All trip-blocking decisions use the `Condition` abstract base class:

```typescript
abstract class Condition {
  abstract readonly name: string;
  abstract evaluate(context: ConditionContext): boolean;
}
```

`evaluate` returns `true` to **block** the action, `false` to **allow** it.

Conditions are instantiated once inside `TripHandler` and evaluated in order. To add a new blocking rule, create a new file in `conditions/`, extend `Condition`, and add it to `TripHandler`.

---

## Architecture: Circular Dependency Resolution

`StateHandler` ↔ `TripHandler` and `StateHandler` ↔ `SwitchHandler` are mutually dependent. This is resolved with **setter injection**:

1. Construct all handlers independently.
2. Wire them with `setHandlers()` / `setStateHandler()` after all instances exist.

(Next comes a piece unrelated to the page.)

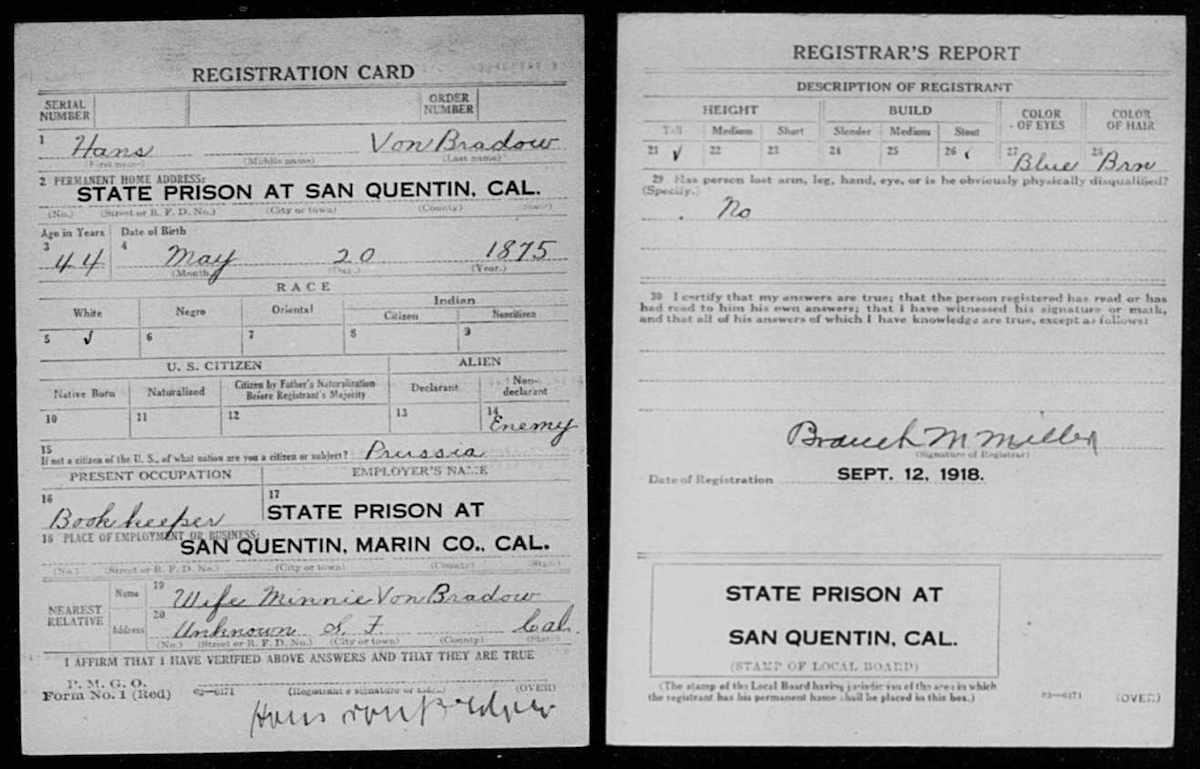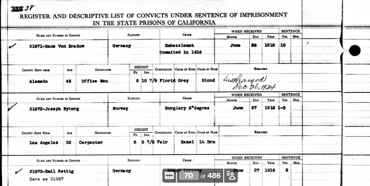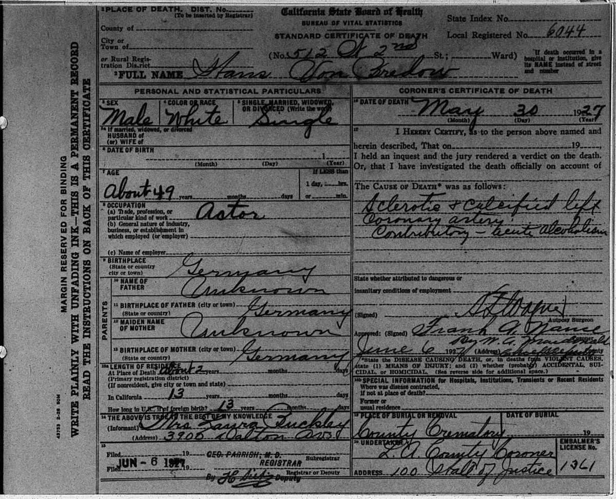 Balding, stout German actor and extra. Various sources and reports also spell his surname "Von Bradow," "Van Bredow," or "Van Bradow." Per later reports, Von Bredow was allegedly the disinherited son of a wealthy German baron, and later served as a lieutenant in the German Army. On his 1916 marriage certificate, Hans gives his name as Freiherr Hans J. Von Bredow, and his parents' names as Freiherr Johchimore [sp?] Bredow (certificate omits the "Von"; unknown if intentional) of Berlin, Germany, and Carolina Von Bredow of Brandenburg, Germany. In the 1920 U.S. Census, Hans says he immigrated to the United States in 1901. On 7 July 1909, he married Minnie (Johnson) Nelson (b. 1869; d. after 1942) in Chicago, Illinois. His death certificate (1927) claims he was in California for 13 years, putting his arrival in the "Golden State" at around 1914. In January 1916, he was arrested in Los Angeles and returned to Oakland, California, on a charge of embezzlement committed in November 1914. He reportedly stole $754.75 from his friend and employer, Ferdinand Schultz of the Hofbrau Café, where Von Bredow was employed as a steward. Von Bredow initially claimed that he was framed by a wealthy widow from Oakland whose love he had scorned, and whose name he made a show of refusing to disclose; he later claimed that his actions "was caused by a fit of mental depression due to brooding over a wound in his eye." Reports of the time mention Von Bredow's time as a German Army lieutenant and Schultz's claim that Von Bredow was a disinherited son of a wealthy German baron; at the time, Von Bredow declined to discuss his past. Schultz also said that Von Bredow had a wife (Minnie) who worked as a maid in a San Francisco hotel for the last three years, and that she helped support her husband before he began working at the Hofbrau. Von Bredow was released in June 1916 on five years' probation, having made complete restitution of the money thanks to Wilhelm Von Brincken, a member of the German Consulate of San Francisco and fellow future film actor, who served as a character witness for Von Bredow. On 16 November 1916, he married German-born Minna R. Kellogg (1867-1918), who ran a Los Angeles employment agency, in Santa Ana, California. On 26 April 1918, during World War I, he was arrested again on suspicion of being the head of a ring of German spies. It was alleged that Von Bredow used his wife's employment agency to "plant" various German spies and agents to obtain valuable information, including attempting to acquire blueprints of American artillery weapons. Minna R. Kellogg-Von Bredow, who had successfully ran the bureau for eleven years prior, initially believed in Hans' innocence, but ultimately could not live with the shame of having her own loyalty questioned (she was German-born, though she had resided in California for some years, and friends testified to her loyalty to the U.S.) nor being betrothed to a suspected enemy alien; she committed suicide on 3 May 1918 by inhaling gas from an open jet. Authorities also obtained further evidence that Von Bredow was guilty of bigamy, as he had reportedly not obtained a divorce from his previous wife, Minnie, living at 1720 Geary Street, San Francisco. Later reports add mention of a child as well; Minnie's 1918 registration affidavit mentions one son, Harold Birger Nelson (1898-1967), from a previous marriage. In mid-May, papers reported Von Bredow fiercely boasting of his predictions of German world dominance, including that Mexico would declare war on the United States within the next 12 months, and that an alliance between Germany, Japan, and Mexico would coalesce within the next two years. Von Bredow was ultimately convicted of violating his parole for the 1916 embezzlement arrest. By this time (late June), Von Bredow tried to claim that an operation to remove a bullet from his head (received in a gun duel in Germany 17 years prior) was to blame for a poor mental state including blackouts and severe headaches, even claiming that this led to him living something of a dual life and that he had no memory of marrying Mrs. Kellogg; Von Bredow also claimed to be disgusted with Germany and denied that he ever went against his adopted homeland. Judge James G. Quinn disagreed with Von Bredow's pleas for leniency, and Von Bredow was given a ten-year sentence; federal authorities requested that if the sentence expired before the end of the war, then Von Bredow be handed over to them for internment. Von Bredow began serving his sentence at San Quentin State Prison on 26 June 1918. His prison records give his personal statistics as thus: he stood 5' 10 7/8", weighed 198 lb., and had blonde hair, grey eyes, and a florid complexion. Von Bredow was ultimately paroled on 2 May 1923, after serving less than five years, and was fully discharged on 26 December 1924. (Incidentally, Wilhelm Von Brincken, who had previously helped out Von Bredow during his earlier 1916 arrest, would also be convicted of espionage activities and imprisoned for two years during World War I.) Von Bredow worked as a film extra for the last three years of his life, working for Lasky's (Paramount) and First National among other studios. On 30 May 1927, Von Bredow was found dead in his room in a boarding house at 512 West 2nd St., Los Angeles, by the landlady. Evidence in the room pointed to his death being caused by acute alcoholism; his death certificate gives his cause of death as "Sclerotic & calcified left coronary artery; Contributory - acute alcoholism." His death came nearly six months after he filmed his scenes in "A One-Mama Man," and only less than three months after the film's release. |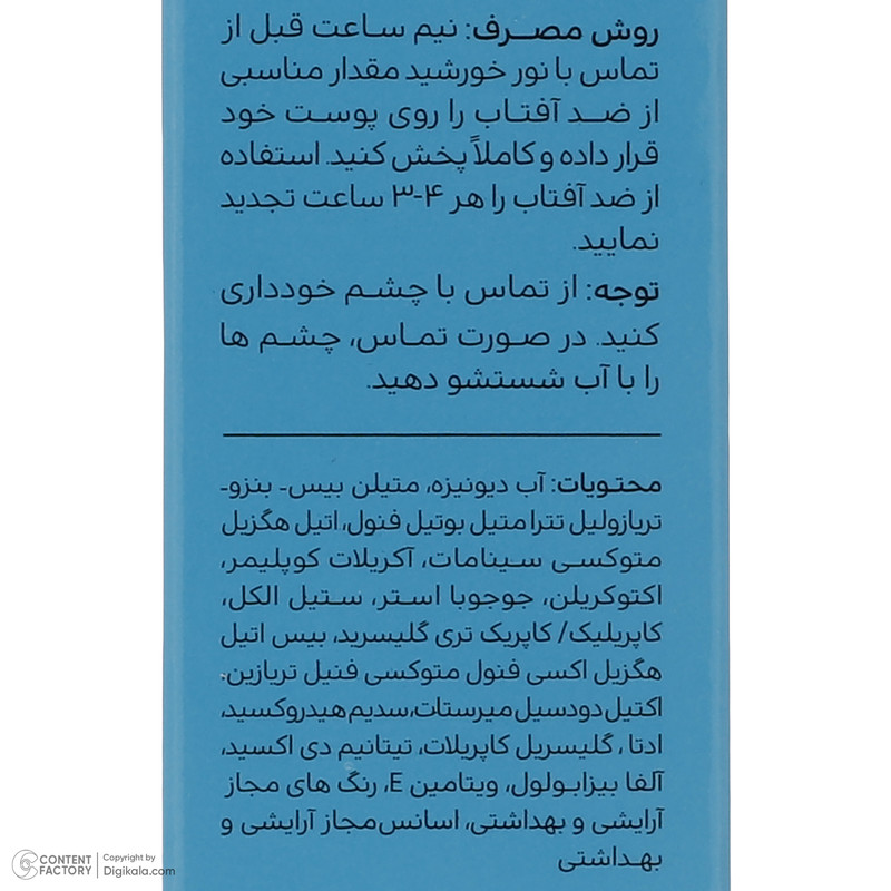 راهنمای استفاده : نیم ساعت قبل از تماس با نور خورشید مقدار مناسبی از ضد آفتاب را روی پوست خود قرار داده و کاملا پخش کنید. استفاده از ضد آفتاب را هر4-3 ساعت تجدید نمایید.

Do not introduce `new` calls between these classes at construction time.

---

## Code Style Rules

### File Length
Maximum **400 lines** per file. Split into smaller focused files if the limit is reached.

### Inline Guards
Use early-return guard clauses rather than deep nesting:
```typescript
if (!value) {
  return false;
}
```

### Imports
- Use `import type` for types and interfaces that are not needed at runtime.
- Always use `.js` extensions on relative imports (required for ESM).

### Async
- Use `async`/`await`. Avoid `.then()` chains except when fire-and-forget is intentional.

### Error Handling
- Validate only at system boundaries (config parsing, HTTP input, external storage).
- Do not add defensive null-checks for values guaranteed by the type system.

---

## Testing

- Framework: **Vitest** (`npm test`).
- Test files live in `src/tests/` and are named `<subject>.test.ts`.
- Tests cover: conditions (all blocking paths), handler logic, and event-driven interactions.
- Mock only what is strictly necessary. Prefer structural mocks over full mock libraries.
- Do not test private methods directly — test through the public API.

---

## Adding a New Feature

1. **Types/interfaces first** — create files in `types/` or `interfaces/` before writing logic.
2. **Condition** — if the feature blocks a trip, add a `Condition` subclass.
3. **Service** — if the feature is a side effect, implement `attachToBus(bus)` and wire in `security-system.ts`.
4. **Handler** — if the feature changes state-machine logic, modify the relevant handler.
5. **Tests** — add a test covering the happy path and the main blocking/edge case.
6. **No abbreviations** — all new identifiers must be fully spelled out.